05/05/2025 / By Lance D Johnson
For over 40 years, the National Institutes of Health (NIH) operated a secretive, taxpayer-funded slaughterhouse for beagles—pumping their lungs with bacteria, bleeding them out, and discarding their lifeless bodies like lab waste. Now, under Director Jay Bhattacharya, the agency has finally shuttered its last in-house beagle lab, marking a long-overdue reckoning for an institution that prioritized barbaric experiments over ethical, human-relevant science.
Key points:
Documents obtained by the White Coat Waste Project (WCW) reveal a staggering toll: 2,133 beagles killed since 1986 in sepsis experiments at NIH’s own facilities. The dogs—bred for their docility—were subjected to Category D and E pain protocols, meaning they endured unrelieved suffering as researchers infected them with pneumonia-causing pathogens, induced septic shock, and drained their blood to simulate battlefield trauma.
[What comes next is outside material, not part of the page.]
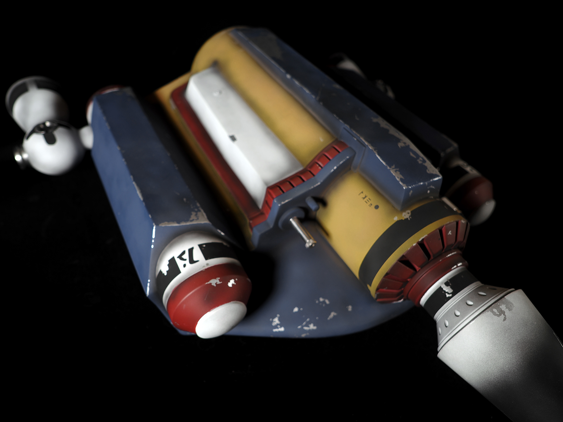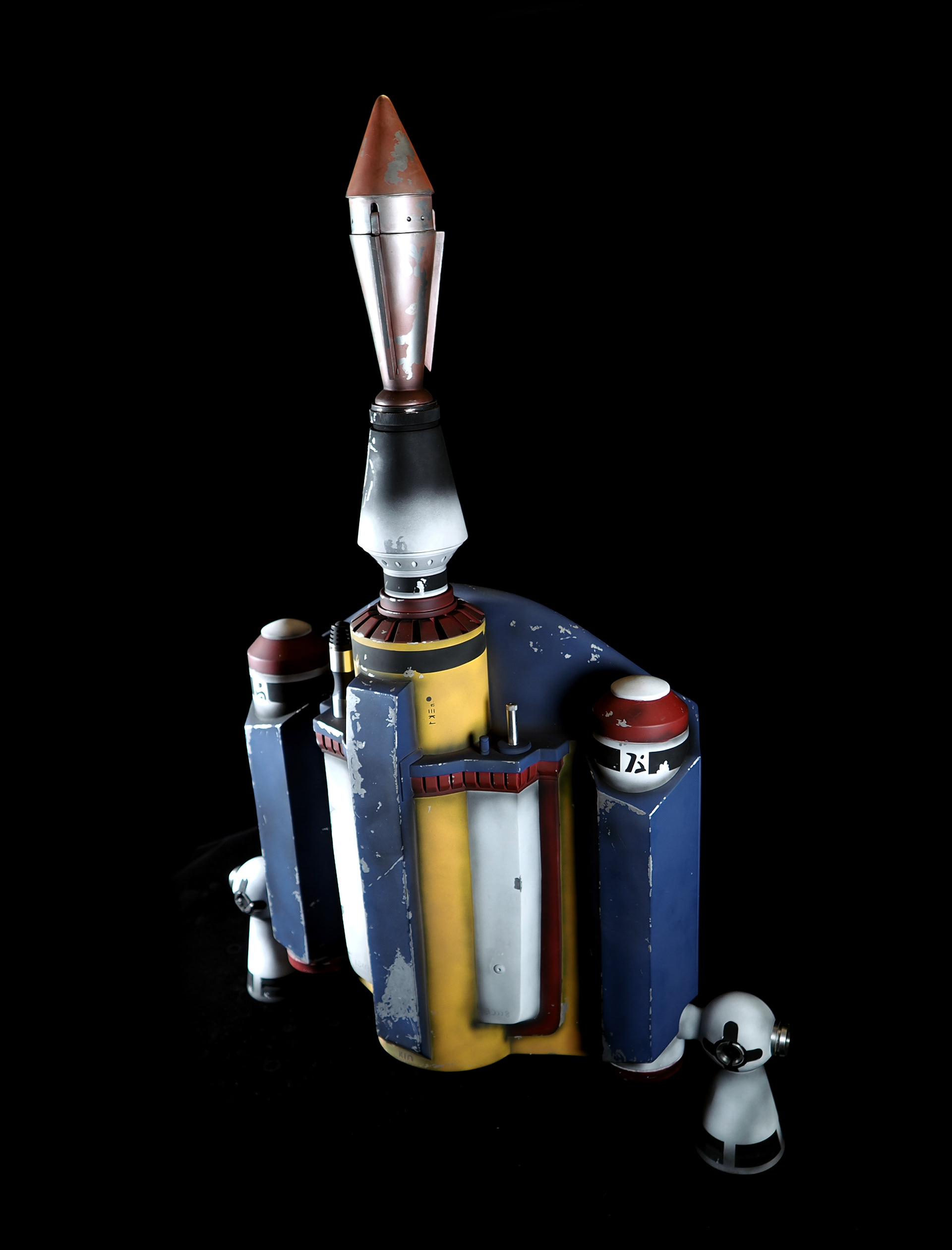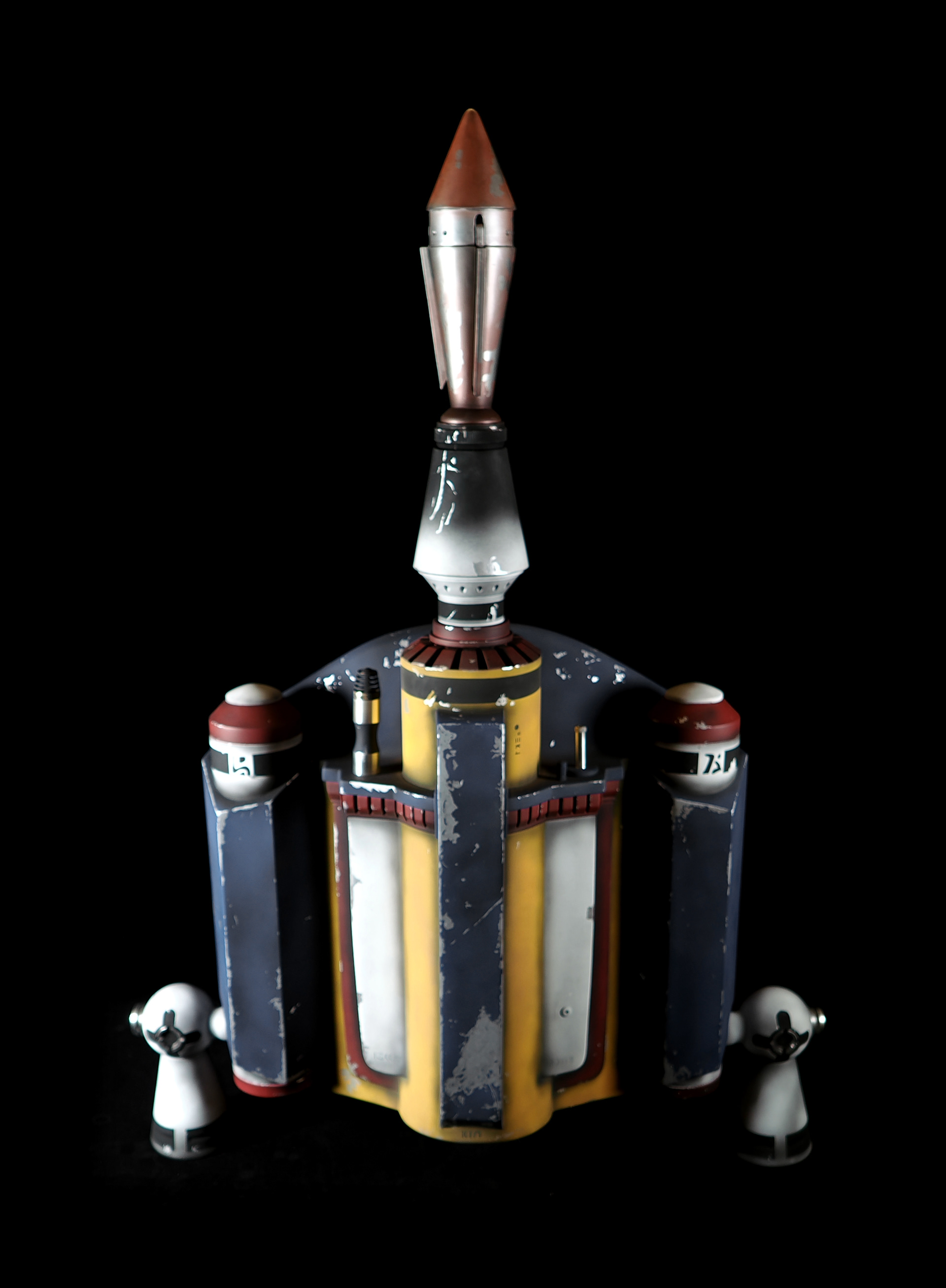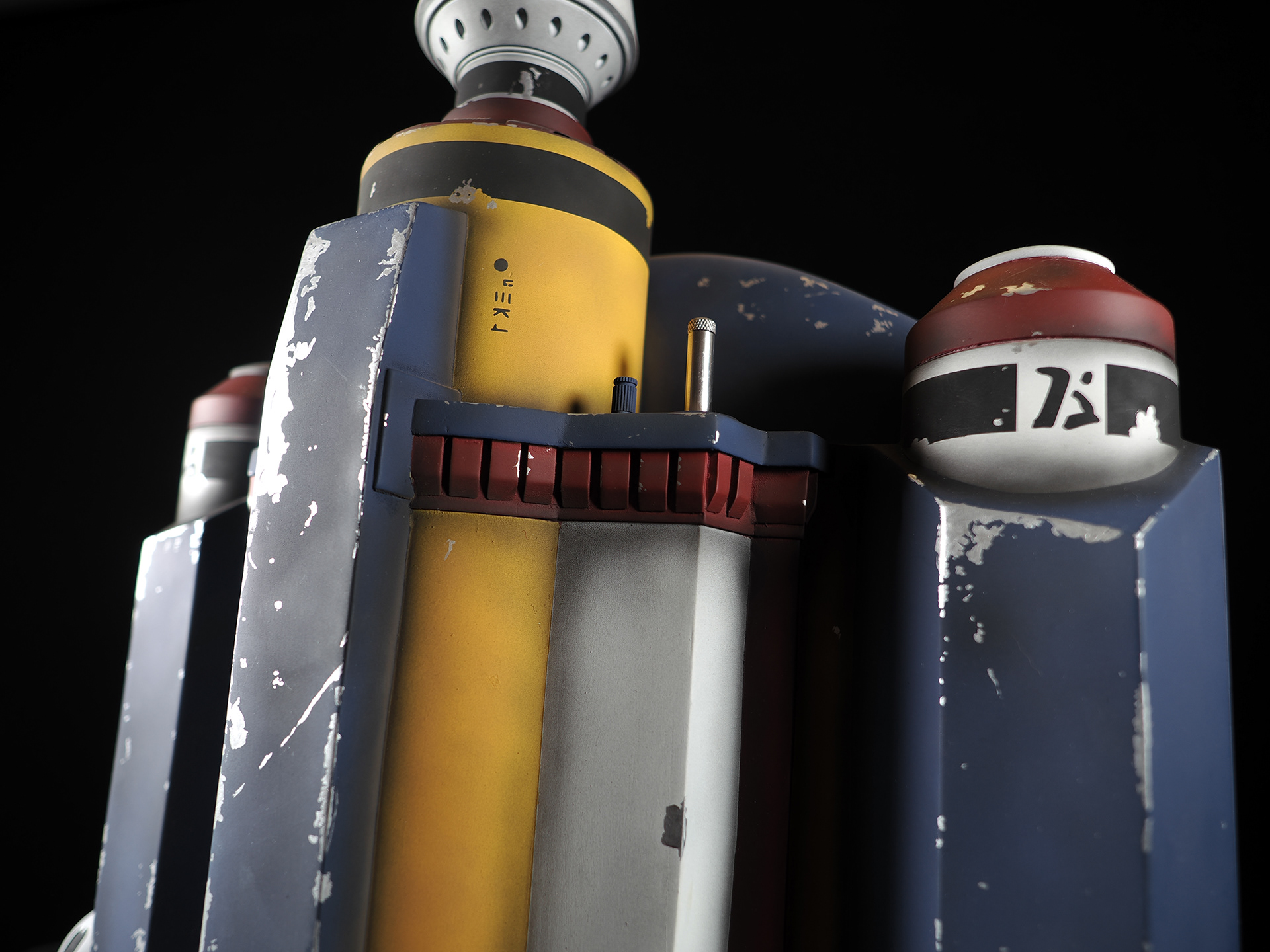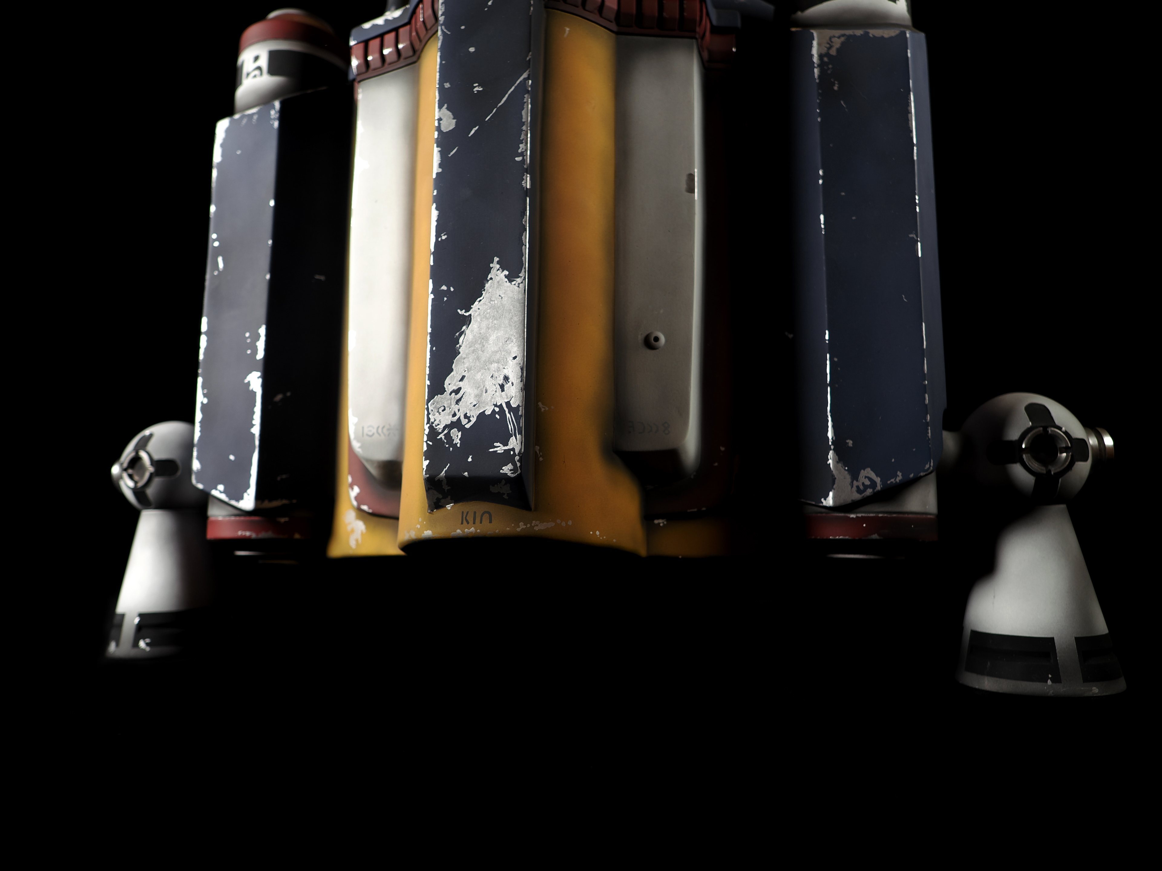 This is a Boba Fett Rocketpack in it's Return of the Jedi livery. I was sent this 1:1 prop replica fully painted but not weathered, and the decision was made to strip it back, reprime, repaint, and weather so it would be as good as it could possibly be. The various connectors and ports were also added, and all the metal accessories are indeed metal. This is one of my favorite characters from childhood and really made me smile when it was complete.

“They stuffed their bodies into a refrigerator like discarded equipment,” said WCW founder Anthony Bellotti, whose FOIA lawsuits exposed the grisly details. Records show NIH purchased beagles from notorious suppliers like Envigo, where dogs were found caged in feces, fed moldy kibble, and denied basic veterinary care—a scandal that culminated in a historic $35.5 million settlement.
The cruelty peaked under former NIAID Director Anthony Fauci, who greenlit a $375,800 project in Tunisia where beagles were locked in cages and eaten alive by sand flies. The “Beaglegate” scandal ignited national fury, with The Washington Post reporting thousands of outraged calls flooding NIH offices.
In a decisive break from Fauci’s legacy, Bhattacharya announced the lab’s closure on Fox & Friends Weekend, declaring NIH’s pivot to AI-driven models, organoids, and computational biology. “It’s very easy to cure Alzheimer’s in mice. But those things don’t translate to humans,” he said, dismantling the myth that animal suffering guarantees medical progress.
The shift aligns with NIH’s new Office of Research Innovation, tasked with phasing out animal testing. Yet internal resistance lingers: as recently as April 2024, NIH officials defended canine sepsis models, claiming beagles’ cardiovascular systems mimic humans’—a debunked justification for torture.
Under Dr. Bhattacharya’s leadership, the NIH is undergoing a transformative shift away from animal testing, prioritizing human-relevant, ethical research methods. Key changes include:
Closure of animal labs & adoption of alternatives
New office of research innovation
Ending painful animal procedures
Countering institutional resistance
Regulatory & cultural shifts
While the closure is a victory, WCW warns that NIH still funds overseas dog labs and relies on contractors for animal testing. “We’ll keep fighting until every federal dollar for dog labs is cut,” Bellotti vowed.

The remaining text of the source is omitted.